Given a network G (V, E), V and E represent node sets and edge sets, respectively, n= |v| represents the number of nodes in the network, m= |e| represents the number of edges in the network, where || represents the cardinality of the set, and a= { a is used _ij The adjacency matrix of figure G is represented when a _ij =1 represents node v _i And node v _j With edges therebetween, otherwise a _ij Node v shown by =0 _i And node v _j Without edges therebetween. N (v) represents the set of direct neighbors of node v.

1.1 k-shell centrality

The k-shell method considers that the position of a node is more important than the neighbor of the node, and one node is located in the core position of the network and has higher propagation influence even if the degree is smaller. The algorithm firstly removes the nodes with the degree of 1, the degree value is reduced in the removing process, and the nodes with the degree of 1 are continuously removed until the nodes with the degree of 1 are not in the network, and all the removed nodes are distributed as 1-shells; and then removing the nodes with the surplus degree of 2, and iteratively removing the nodes with the surplus degree value of less than or equal to 2 until the surplus degree of all the nodes is more than 2, wherein all the removed nodes are allocated with 2 shells, and repeating the process until all the nodes in the network are allocated with corresponding shells. However, the k-shell method allocates a large number of k-shell values of the same nodes, and the nodes have different propagation capacities, which is a coarse-grained method, and as the shell layer increases, the propagation influence ranges of the nodes may overlap as the node aggregation degree is higher.

1.2 Mixer decomposition (Mixed degree decomposition, MDD)

k-shell decomposition considers only the connections of the remaining nodes at a time, and ignores the edges connected to the deleted nodes altogether, zeng et al propose a mixture decomposition method (Mixed Degree Decomposition, MDD), while considering the node's remaining and exhaustion degrees, the mixture centrality of each node being expressed as

k ^m (v)＝k ^r +λ*k ^e (1)

Wherein k is ^r Representing the degree of remainder of the node, i.e. the edges connected to the remaining nodes,k ^e represents the exhaustion degree of the node, namely the edge connected to the deleted node, and lambda is an adjustable parameter with a value between 0 and 1. When λ=1 then the node exhaustion is fully considered, in which case the MDD method is equivalent to the centrality of degree, and when λ=0 then the MDD method only considers the surplus degree, in which case the MDD method is also equivalent to the k-shell decomposition method.

1.3 neighborhood nucleus centering (Neighborhood coreness centrality)

The neighborhood nucleus (Neighborhood Coreness, NC) was proposed by Bae et al, which considers that the impact is greater when a propagator has more neighbors at the network core.
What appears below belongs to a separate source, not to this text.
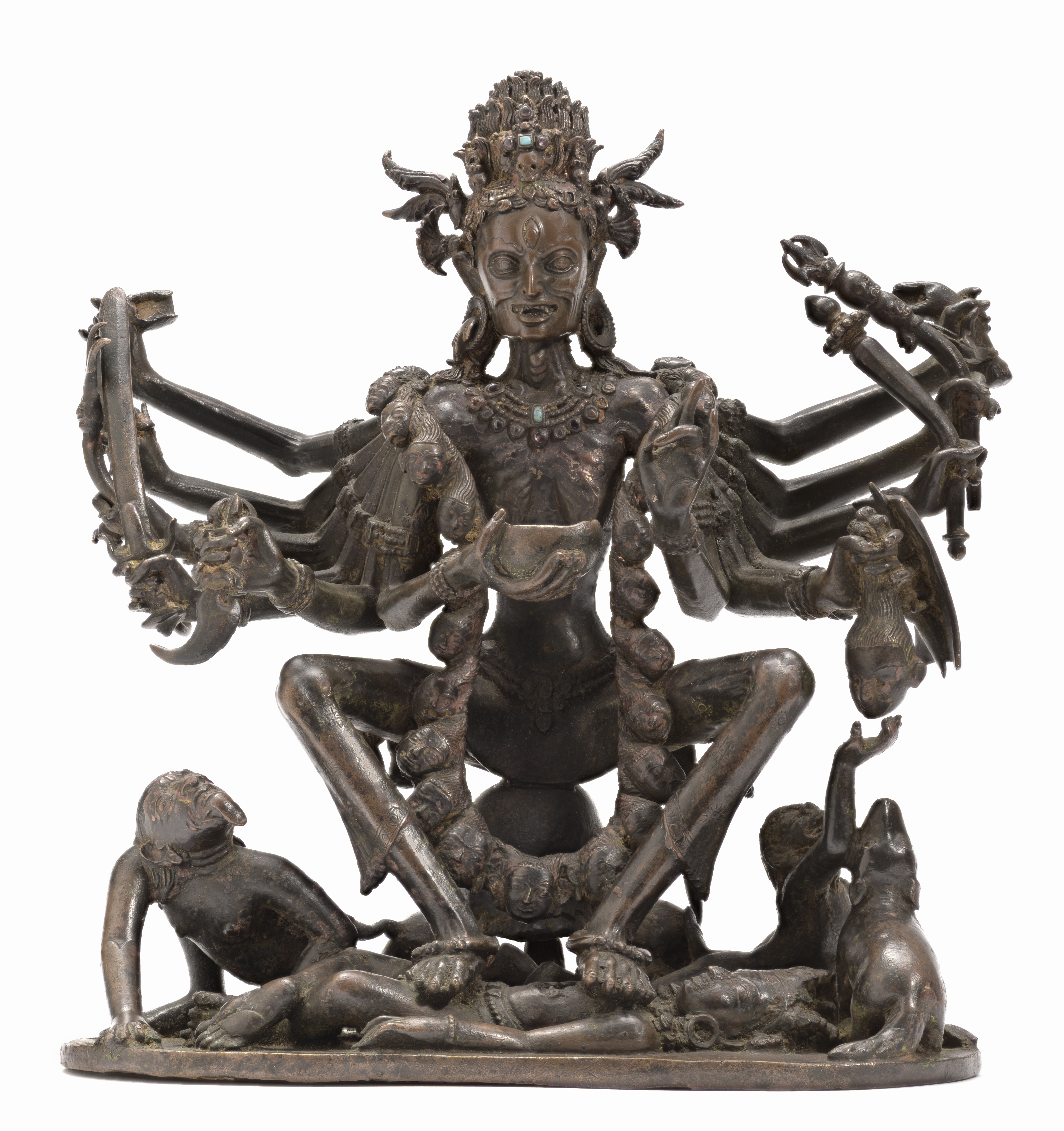 Nepal, 14th century Sculpture Copper with traces of gilding and paint; inlaid with gemstones 8 x 8 1/4 x 4 in. (20.32 x 20.96 x 10.16 cm) Museum Associates Acquisition Fund (M.80.3) South and Southeast Asian Art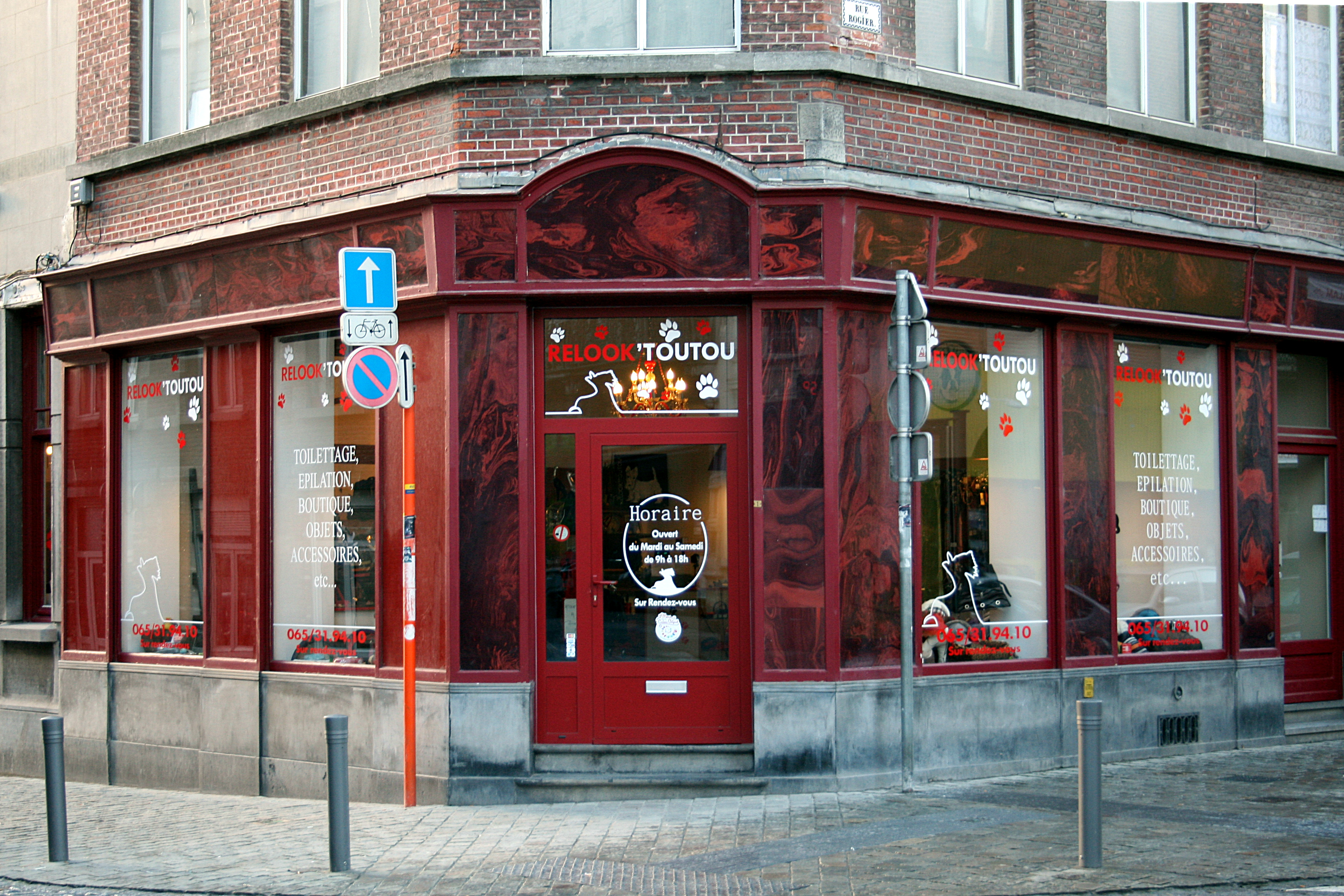 Mons (Belgium), rue Rogier, 1 - Typical wooden shop windowx of a dog grooming shop.

The method improves the degeneracy of the k-shell method and balances the position relationship between the degree and the nodes. Defining the neighborhood nucleus number of the node v as

Where N (v) represents the direct neighbor set of node v and ks (w) represents the k-shell index of neighbor node w. Bae et al also propose an expanded neighborhood kernel number (Extend Neighborhood Coreness, nc+), which is defined as the number of expanded neighborhood kernels of node v, taking into account the second order neighbors of the node

Wherein C is _nc (w) represents the number of neighbor cores of the neighbor node w.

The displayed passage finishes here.